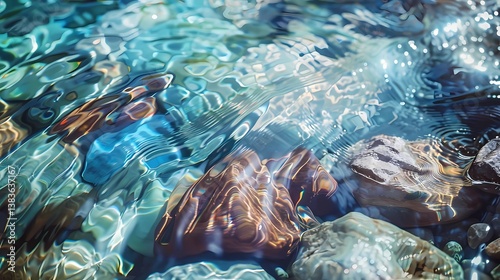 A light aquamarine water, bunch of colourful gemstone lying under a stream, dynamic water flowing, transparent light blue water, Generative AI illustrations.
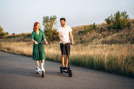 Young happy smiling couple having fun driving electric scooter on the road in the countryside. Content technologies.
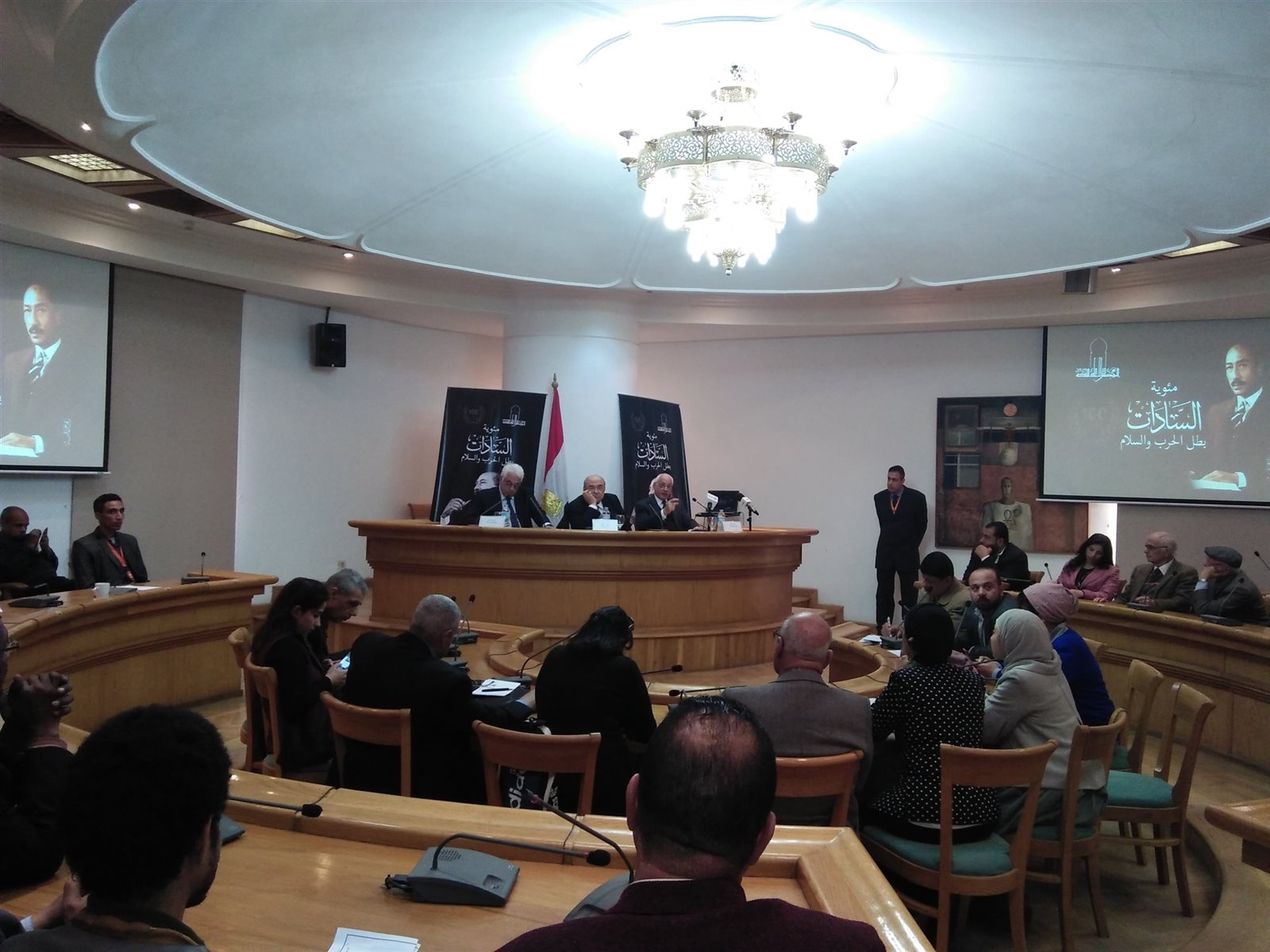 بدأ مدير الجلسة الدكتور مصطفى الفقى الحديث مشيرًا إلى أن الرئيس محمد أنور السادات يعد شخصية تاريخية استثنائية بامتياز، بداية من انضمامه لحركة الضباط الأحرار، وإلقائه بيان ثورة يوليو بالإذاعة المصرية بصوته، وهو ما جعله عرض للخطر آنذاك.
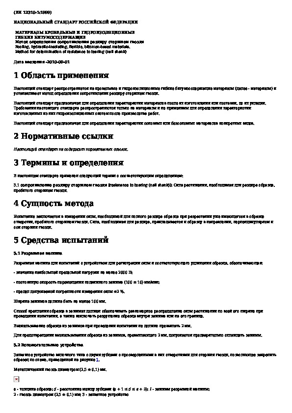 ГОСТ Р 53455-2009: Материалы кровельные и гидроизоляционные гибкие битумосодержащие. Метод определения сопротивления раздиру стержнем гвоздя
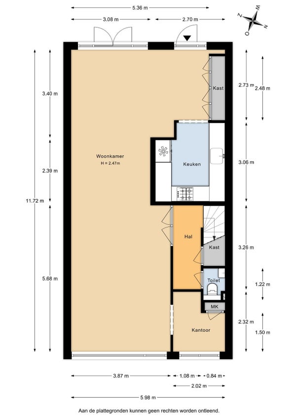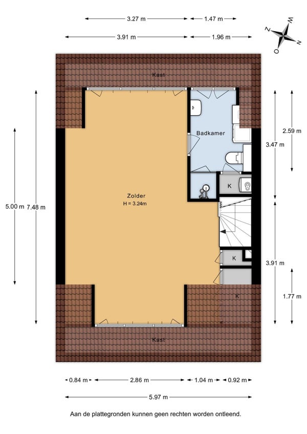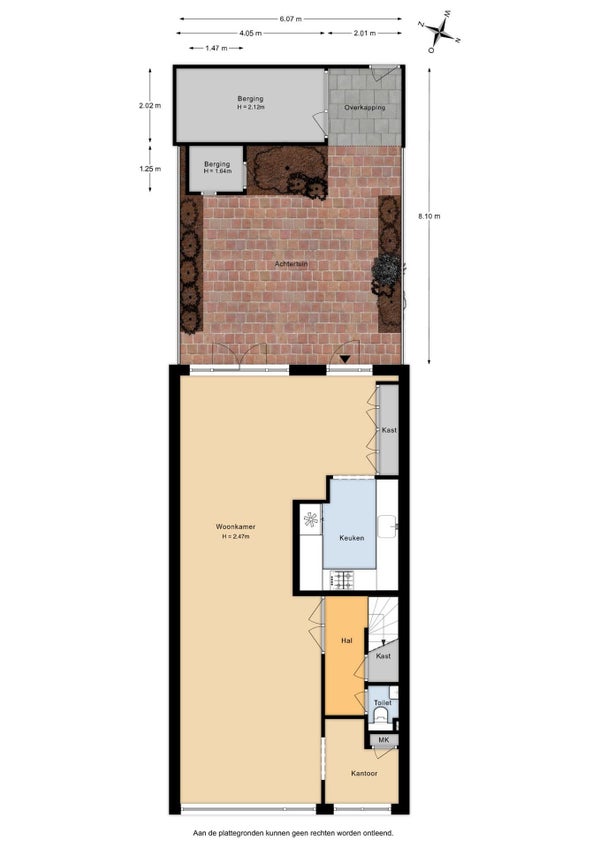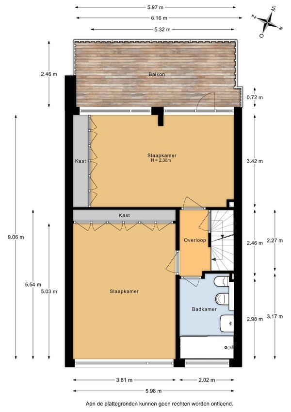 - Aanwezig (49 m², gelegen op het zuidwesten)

● ● ● ● ● ● ●

## Try it
Repeat the listing verbatim, pictures excluded.

## Solved exercise
 A light aquamarine water, bunch of colourful gemstone lying under a stream, dynamic water flowing, transparent light blue water, Generative AI illustrations.
 Young happy smiling couple having fun driving electric scooter on the road in the countryside. Content technologies.
 بدأ مدير الجلسة الدكتور مصطفى الفقى الحديث مشيرًا إلى أن الرئيس محمد أنور السادات يعد شخصية تاريخية استثنائية بامتياز، بداية من انضمامه لحركة الضباط الأحرار، وإلقائه بيان ثورة يوليو بالإذاعة المصرية بصوته، وهو ما جعله عرض للخطر آنذاك.
 ГОСТ Р 53455-2009: Материалы кровельные и гидроизоляционные гибкие битумосодержащие. Метод определения сопротивления раздиру стержнем гвоздя
 - Aanwezig (49 m², gelegen op het zuidwesten)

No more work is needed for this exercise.